The Commerce Department said it couldn't comment on cases yet to
be filed.
Lawyers for the steel producers in the U.S. began hearing
reports of Chinese competitors routing metal shipments through
Vietnam "soon after" they filed a request for tariffs on
corrosion-resistant steel, Mr. Rosenthal said.
"With all the new tariffs, you're going to see more attempts at
circumvention," he said. "And we're going to be very vigilant about
addressing them." China, he added, is "not the only country
attempting to circumvent."
Independent trade data appear to lend credence to the steelmaker
claims.
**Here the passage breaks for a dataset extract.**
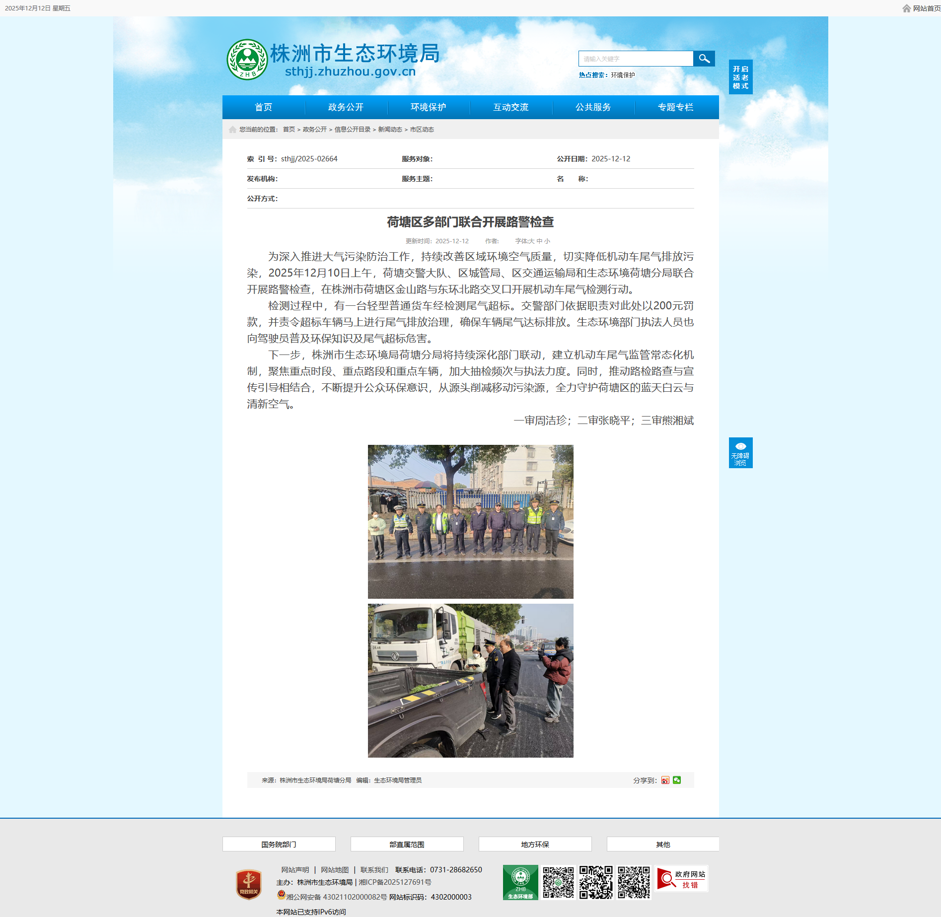 为深入推进大气污染防治工作,持续改善区域环境空气质量,切实降低机动车尾气排放污染,2025年12月10日上午,荷塘交警大队、区城管局、区交通运输局和生态环境荷塘分局联合开展路警检查,在株洲市荷塘区金山路与东环北路交叉口开展机动车尾气检测行动。

In the first six months of 2016, shipments of steel from
Vietnam to the U.S. increased to 312,329 tons, from 25,756 tons.
Over the same period, Chinese exports of steel to Vietnam rose 46%
to 6.3 million tons from 4.3 million tons, according to data firm
Global Trade Information Services.
The fight to contain the market glut of metals from China
doesn't just concern steel. The Commerce Department is also
investigating claims that China Zhongwang Holdings Ltd., one of
China's biggest aluminum producers, improperly shipped aluminum
through Mexico and transformed the metal at a plant in New Jersey
to avoid U.S. import tariffs.
China Zhongwang has denied any improper activity.
China aggressively has built up its metal-making capacity under
its industrialization push. It now produces and consumes roughly
half the world's key industrial commodities: steel, aluminum,
copper and zinc.
As the pace of its economic growth has slowed of late, China has
found itself with excess capacity and has exported more to keep its
plants going. In the first six months of 2016, Chinese steel
exports rose 11% to 51.6 million tons, according to GTIS.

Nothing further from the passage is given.